For many people, Sundance can be defined as edgy, difficult, dysfunctional, and dramatic. But for distributors looking for films they can sell in a tight marketplace for specialty fare, Sundance evidently now means "lighter, funnier."

In the third big Sundance deal of the day -- all involving comedies, to one degree or another -- Focus Features has acquired Hamlet 2, according to Lou Lumenick of New York Post. (And confirmed a few minutes later by Anne Thompson of Variety). The film stars Steve Coogan as an "ex-actor, ex-user, relentless dreamer, and sometimes-delusional high school teacher" who stages his own unusual adaptations (e.g. Erin Brockovich). Facing budget cuts and student rebellion, he decides to go for broke and mount his most ambitious production: his self-penned sequel to Hamlet.

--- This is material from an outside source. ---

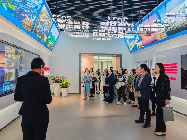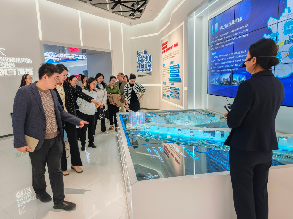 G60科创云廊作为长三角G60科创走廊标志性工程,是区域科技创新与产业升级的重要窗口。师生们来到长三角G60科创走廊规划展示馆,跟随着讲解全面了解其从“一廊九区”到“九城如一城”的发展历程与建设成果,沉浸式体验、直观感受长三角科创动能,深刻领会新质生产力核心要义,对战略性新兴产业布局与企业创新成果有了具象认知。学院师生结合所学专业和工作实际,围绕新能源汽车、新材料、人工智能、产业集群党建等话题边参观边交流探讨,实现理论与实践深度融合。

Anne Thompson fleshed out the story with the purchase price ($10 million) and the specific rights (worldwide). She says the deal was closed "in the wee hours Tuesday morning ... after an intense bidding war." As she points out, the figure is quite high for Sundance, putting Hamlet 2 in the exclusive neighborhood previously occupied only by titles like Spitfire Grill (a bomb) and Little Miss Sunshine (a hit).

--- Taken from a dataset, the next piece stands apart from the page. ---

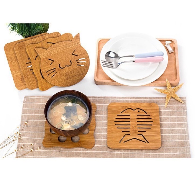 Nhà cửa & Đời sống > Bộ đồ bàn ăn > Khay, tấm lót bàn ăn || Miếng lót nồi bằng gỗ cách nhiệt nhiều hình ngộ nghĩnhCòn hàng
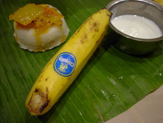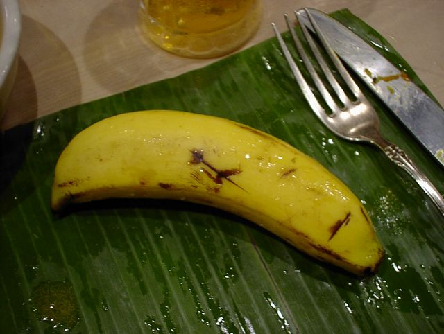 - やはりこうしてバナナの皮をお皿にして食べると美味さ倍増でした。ここでも手づかみで食べようとしましたが、熱くて熱くて。(bouz)

Monika gushed a few days ago about director Andrew Fleming'sThreesome, which debuted at Sundance back in 1994, but his career since then has been mixed. Most recently, he made Nancy Drew and before that, the very flat remake The In-Laws. However, the concept for Hamlet 2 sounds funny, Steve Coogan can be a very funny actor, and other members of the cast (Catherine Keener, Amy Poehler, David Arquette) make me optimistic about the film's prospects.